While MM- and CAG-PCs showed similar levels of P-selectin expression, GPVI expression was significantly elevated in MM-PCs with lower GPVI shedding/expression ratios, enhanced platelet adhesion/spreading and swirling in manually-mixed PCs. Of note, CAG-PCs treated with PP2 also demonstrated lower P-selectin expression and GPVI shedding, higher GPVI expression and attenuated swirling and spreading capability.

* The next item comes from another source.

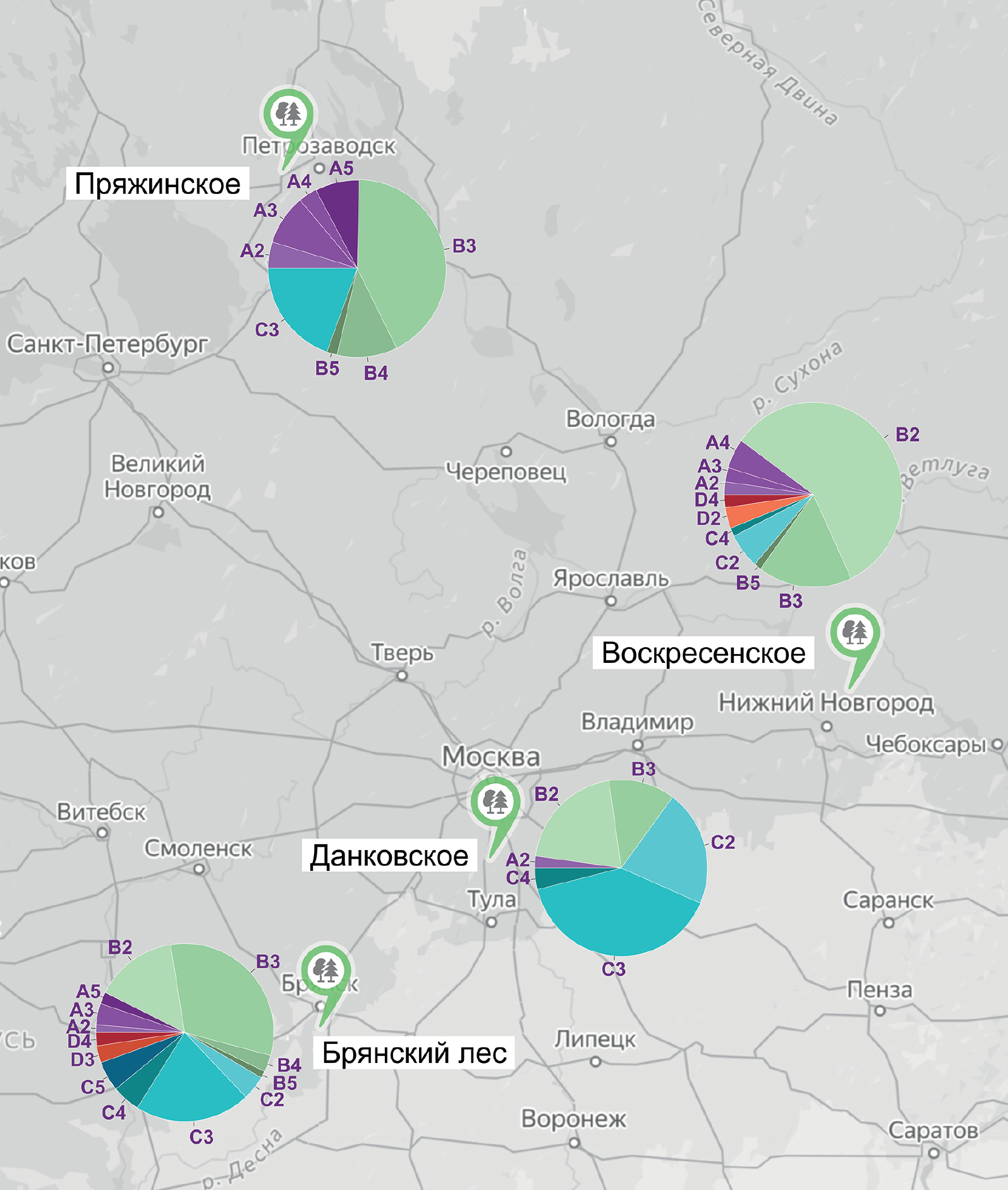 Входные данные для вычислительных экспериментов. Пространственное разнообразие почвенно-растительных условий в пределах каждой из рассматриваемых территорий определено по данным лесной таксации. Для характеристики эдафических условий биотопов в российском лесоведении традиционно используется классификация ТЛУ по системе Крюденера–Алексеева–Погребняка [2, 25]. В соответствии с этой классификацией, разнообразие условий произрастания лесов европейской части России по богатству почв элементами питания подразделяют на 4 градации: бедные (условное обозначение А), относительно бедные (B), относительно богатые (С), богатые (D). По степени увлажнения выделяют сухие (1), свежие (2), влажные (3), сырые (4), мокрые (5). Соответственно, варианты ТЛУ имеют буквенно-численные обозначения, например, А2, В3, С2 и т.п. (табл. S2). Соотношение количества таксационных выделов разных ТЛУ для объектов исследования представлено на рис. 1.

Given the comparable platelet activation state in MM and CAG-PCs as indicated by P-selectin expression, enhanced platelet adhesion/spreading in MM-PCs, along with relatively higher GPVI expression here, supports previous studies demonstrating a role for biomechanical forces in modulating GPVI-dependent function. Thus, lower GPVI expression in CAG-PCs may be due to shear forces induced by agitation, which keeps this receptor down-regulated while also attenuating platelet adhesion/spreading capacities during storage. Low platelet function in PP2-CAG-PCs also highlights the importance of Src-kinases threshold activity in maintaining platelets quality.